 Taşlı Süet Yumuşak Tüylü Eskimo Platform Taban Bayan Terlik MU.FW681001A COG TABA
=======
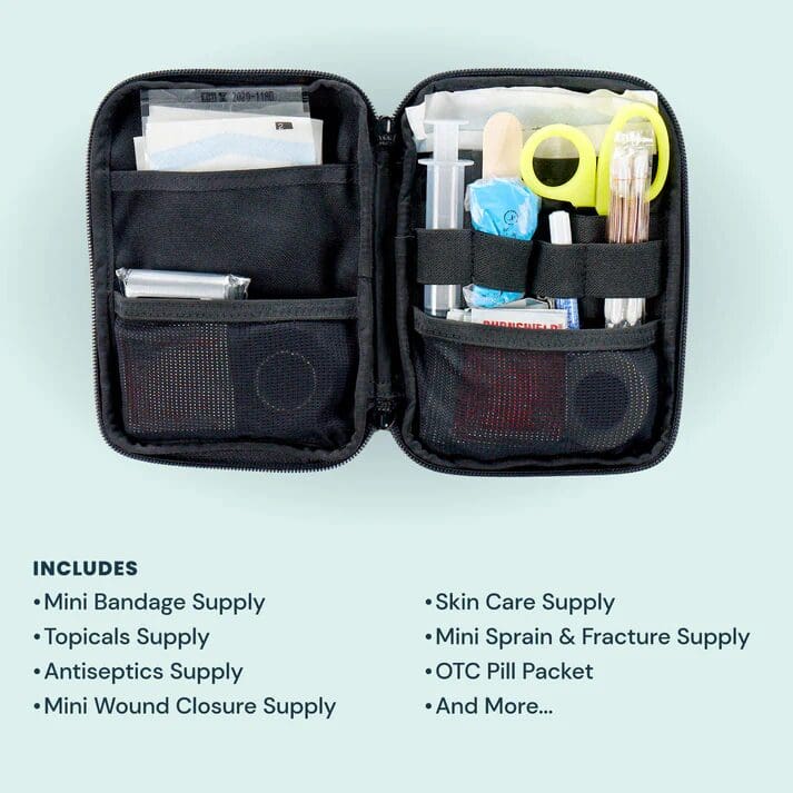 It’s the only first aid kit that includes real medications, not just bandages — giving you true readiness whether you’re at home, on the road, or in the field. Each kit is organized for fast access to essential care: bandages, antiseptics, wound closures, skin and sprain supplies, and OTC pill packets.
=======
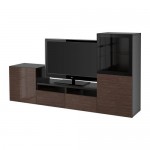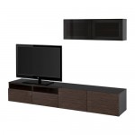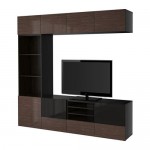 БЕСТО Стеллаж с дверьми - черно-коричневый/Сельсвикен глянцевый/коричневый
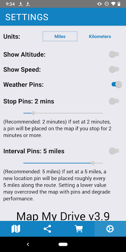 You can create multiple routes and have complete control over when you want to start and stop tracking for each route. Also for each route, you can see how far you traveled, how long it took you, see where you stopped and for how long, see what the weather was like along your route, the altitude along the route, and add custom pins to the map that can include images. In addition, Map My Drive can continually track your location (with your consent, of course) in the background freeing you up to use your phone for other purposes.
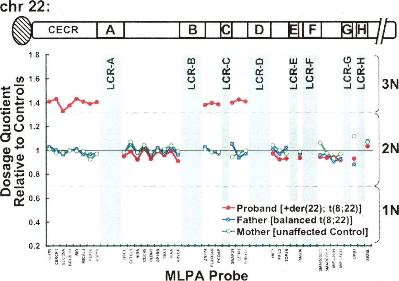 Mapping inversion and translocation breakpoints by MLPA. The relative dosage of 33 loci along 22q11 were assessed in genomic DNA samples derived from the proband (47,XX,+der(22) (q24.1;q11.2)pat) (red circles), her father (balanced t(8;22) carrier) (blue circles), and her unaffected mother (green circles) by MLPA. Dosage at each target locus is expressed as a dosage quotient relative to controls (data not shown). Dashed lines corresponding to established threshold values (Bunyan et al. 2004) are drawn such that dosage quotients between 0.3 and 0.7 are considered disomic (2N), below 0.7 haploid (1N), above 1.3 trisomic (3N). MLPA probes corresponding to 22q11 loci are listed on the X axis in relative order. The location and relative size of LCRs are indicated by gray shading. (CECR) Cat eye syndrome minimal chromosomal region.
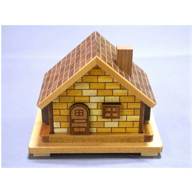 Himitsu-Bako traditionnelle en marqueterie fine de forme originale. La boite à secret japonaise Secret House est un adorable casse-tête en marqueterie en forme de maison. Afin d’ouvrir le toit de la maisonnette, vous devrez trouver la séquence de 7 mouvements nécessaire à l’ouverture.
=======
(Exercise brief) In the material above, which lines fall between the one holding "БЕСТО Стеллаж с" and the one holding "You can create", inclusive? Print exactly those, with the pictures left out.

(Reply to the exercise)
 БЕСТО Стеллаж с дверьми - черно-коричневый/Сельсвикен глянцевый/коричневый
 You can create multiple routes and have complete control over when you want to start and stop tracking for each route. Also for each route, you can see how far you traveled, how long it took you, see where you stopped and for how long, see what the weather was like along your route, the altitude along the route, and add custom pins to the map that can include images. In addition, Map My Drive can continually track your location (with your consent, of course) in the background freeing you up to use your phone for other purposes.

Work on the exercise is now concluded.